:: DATA IN THIS EXERCISE

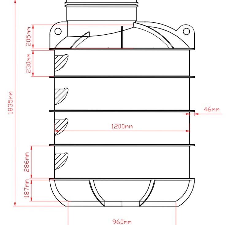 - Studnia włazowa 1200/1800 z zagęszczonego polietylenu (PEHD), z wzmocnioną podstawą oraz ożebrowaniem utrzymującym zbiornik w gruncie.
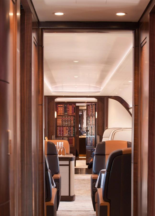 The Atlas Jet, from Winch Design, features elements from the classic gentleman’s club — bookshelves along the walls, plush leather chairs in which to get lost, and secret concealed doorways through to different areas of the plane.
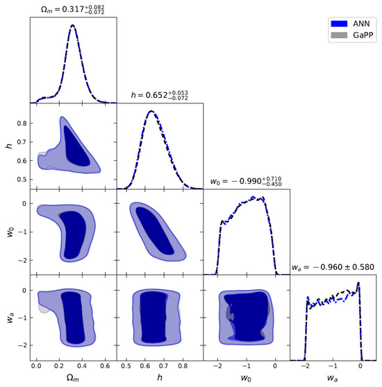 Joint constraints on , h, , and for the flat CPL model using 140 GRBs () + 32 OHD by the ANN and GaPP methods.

::::
:: DATA IN THIS EXERCISE

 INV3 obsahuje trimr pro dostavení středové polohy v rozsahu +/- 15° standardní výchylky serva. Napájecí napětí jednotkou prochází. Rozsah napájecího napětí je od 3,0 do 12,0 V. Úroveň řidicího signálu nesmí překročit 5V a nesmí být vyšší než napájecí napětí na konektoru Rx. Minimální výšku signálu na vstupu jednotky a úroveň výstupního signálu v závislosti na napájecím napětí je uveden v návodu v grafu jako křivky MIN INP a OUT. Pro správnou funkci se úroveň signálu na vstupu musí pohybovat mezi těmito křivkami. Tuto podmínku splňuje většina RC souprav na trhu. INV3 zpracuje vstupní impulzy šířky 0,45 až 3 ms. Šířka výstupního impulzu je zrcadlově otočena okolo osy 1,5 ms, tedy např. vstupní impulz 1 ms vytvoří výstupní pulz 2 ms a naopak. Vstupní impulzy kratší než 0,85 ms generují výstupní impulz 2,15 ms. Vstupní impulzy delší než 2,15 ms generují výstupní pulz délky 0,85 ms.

::::
:: DATA IN THIS EXERCISE

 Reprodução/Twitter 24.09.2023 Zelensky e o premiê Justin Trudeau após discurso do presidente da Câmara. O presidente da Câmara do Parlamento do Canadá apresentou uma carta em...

::::

(ACTIVITY): In the records above, find the line with "The Atlas Jet, from". Print exactly from there through the line with "Joint constraints on", minus the pictures.

(ANSWER FOR THE TASK):
 The Atlas Jet, from Winch Design, features elements from the classic gentleman’s club — bookshelves along the walls, plush leather chairs in which to get lost, and secret concealed doorways through to different areas of the plane.
 Joint constraints on , h, , and for the flat CPL model using 140 GRBs () + 32 OHD by the ANN and GaPP methods.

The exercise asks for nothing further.